Oh my dear friends... I wonder if you have any idea how insane I am about vintage pieces? I think not, because this site has not focused on such things in the past and leans more toward the DIY lifestyle. But... you guys have asked on more than one occasion if I will give you behind the scenes snapshots of what goes on here at the House of TDC (it is a level of crazy you may not be prepared for), and have suggested you want to know a bit more about how I get from point A to point B when it comes to styling and design. Ask and you shall receive, sweet peeps...

Side View of 1970 Curved Arc Floor Lamp Tubular coffee Table Vintage Frame and Print Brass Planter and Gold Log Holder for The Vintage Vulture // My Latest Finds + My Vintage Obsession

When I went away to design school, I came back armed with a crazy amount of information about the pieces themselves, the era they were made and the history of design as a whole. And then I was obsessed... the end.

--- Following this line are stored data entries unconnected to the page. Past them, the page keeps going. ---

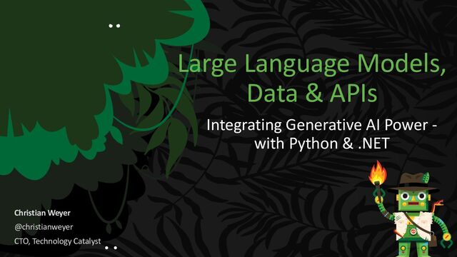 Let's look beyond the ChatGPT hype! In this session, Christian delves into the world of Large Language Models (LLMs), data, and APIs, focusing on how you can meaningfully integrate AI functionality into your applications. We will explore pragmatic scenarios and use cases that demonstrate the potential of LLMs (such as GPT or Llama) and discuss how AI techniques can be incorporated into existing architectures. Participants will gain initial insights into LangChain as a Python toolkit and Semantic Kernel as a .NET-based SDK. Additionally, we will address the consideration of not only using closed-source systems (like OpenAI) but also taking open-source options into account to meet diverse requirements. Come in and find out!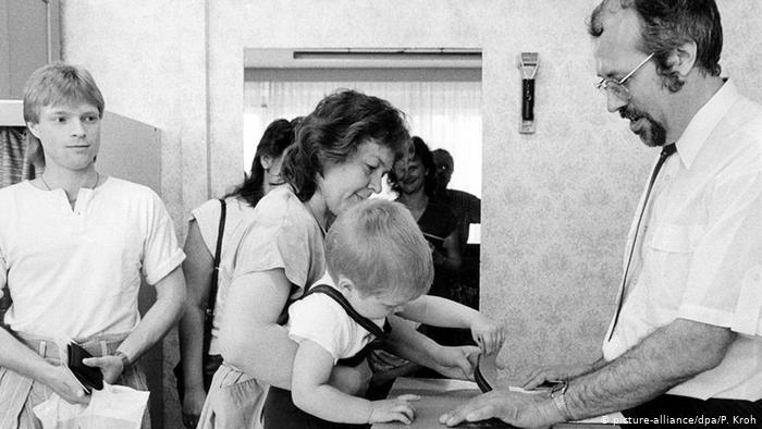 انتخابات آزاد هجدهم مارس ۱۹۹۰ انتخابات آزاد در جمهوری دمکراتیک آلمان برگزار شد. هلموت کهل، صدراعظم پیشین آلمان، به شدت برای شرکت مردم در این انتخابات تبلیغ کرد. او حدود یک میلیون نفر را به پای صندوقهای رای کشاند. حزب دمکرات مسیحی آلمان و گروههای همپیمانش در این انتخابات بر حزب سوسیال دمکرات این کشور پیروز شد.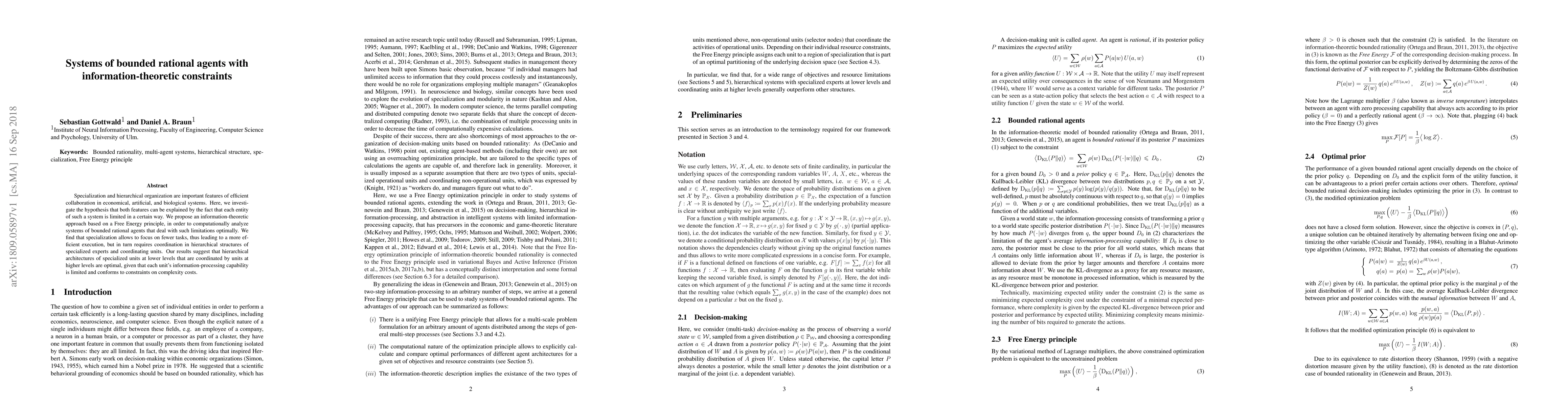 This research proposes an information-theoretic model based on the Free Energy principle to analyze systems of bounded rational agents. It finds that specialization enhances efficiency but necessitates hierarchical coordination, suggesting optimal architectures feature specialized lower-level units coordinated by higher-level units, all within information-processing constraints.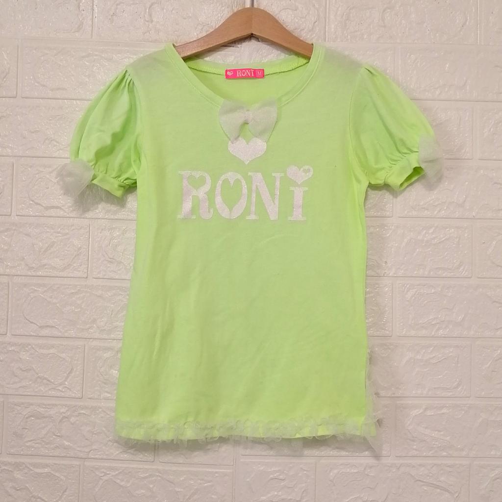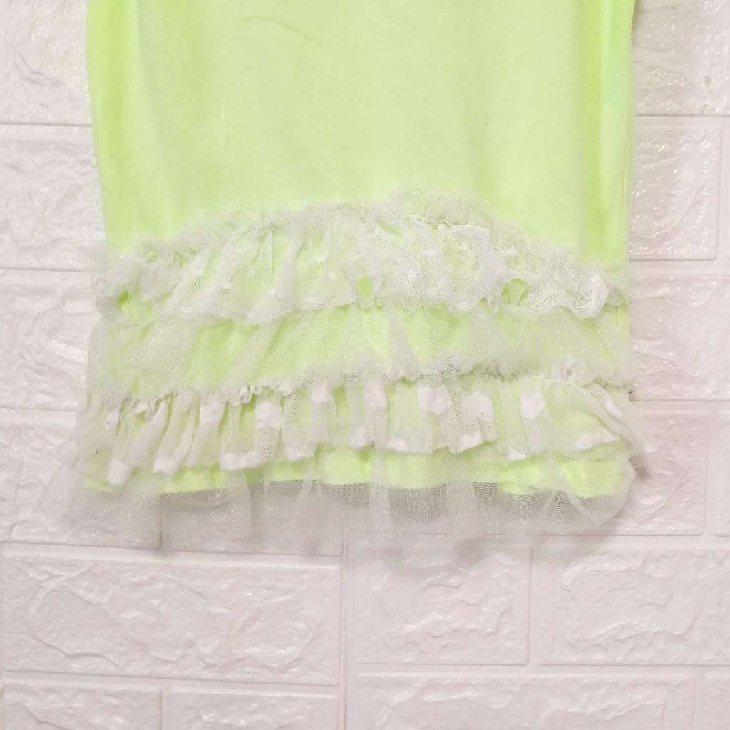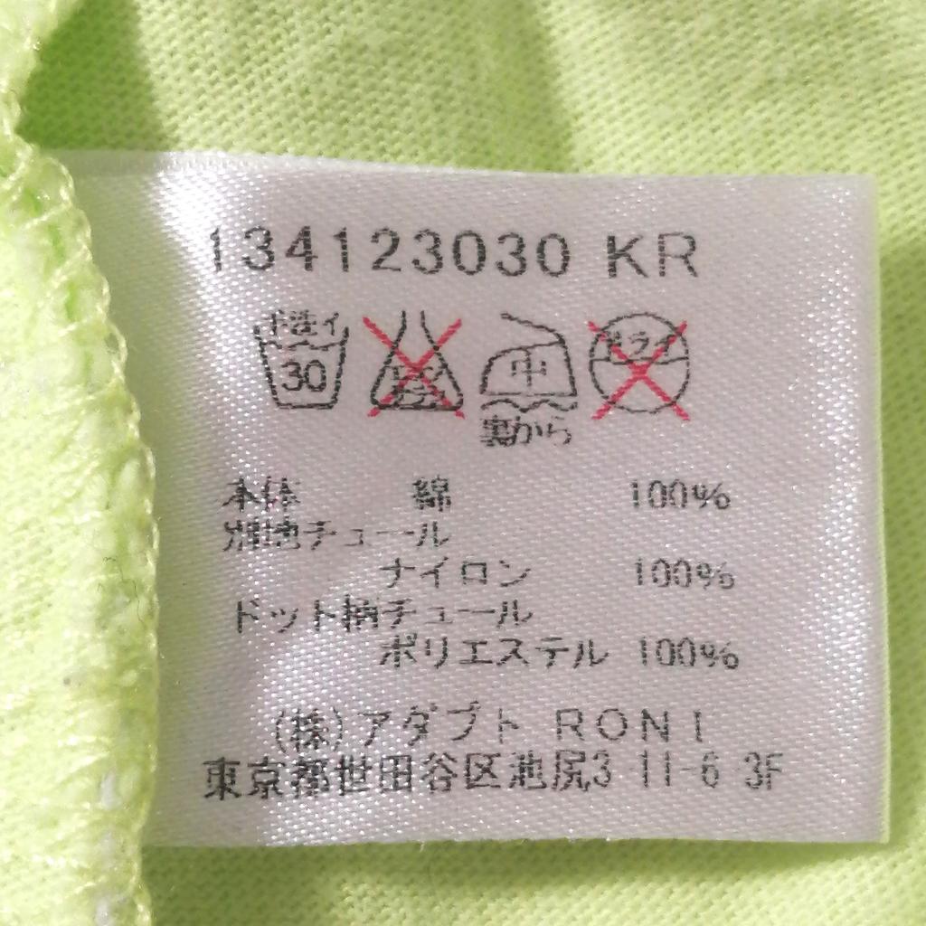 【ロニィ】 『チュールフリル&リボン付きパフスリーブTシャツ』 ◆[サイズ]=M(130) ◆[色]=蛍光イエロー ◆[デザイン]=フロントラメロゴプリント パフスリーブ フロント袖口チュールリボン 裾ー・バックチュール段フリル ◆[状態]=着用感多少 フロント裾上薄ジミ箇所あり ※9枚目画像のシールは、目印です ◆[材質]=8枚目画像参照 |

But I have a fairly particular philosophy about buying and I wonder if might not be helpful to share? I think I might be dying to talk about it. So I am kind of hoping this is a topic you might be interested in and that you might like to get acquainted with vintage for vintage sake (you won't find me rehabbing or reviving my pieces in turquoise chalk paint - sorry to disappoint some of you). I want to keep this fun and light, but help you have the confidence to know what to buy and what to pay for it, if you don't already. Or maybe swap tips on great places to source pieces, I would love to know where you shop! Then we can all go to rehab together at vintage shoppers anonymous (VSA).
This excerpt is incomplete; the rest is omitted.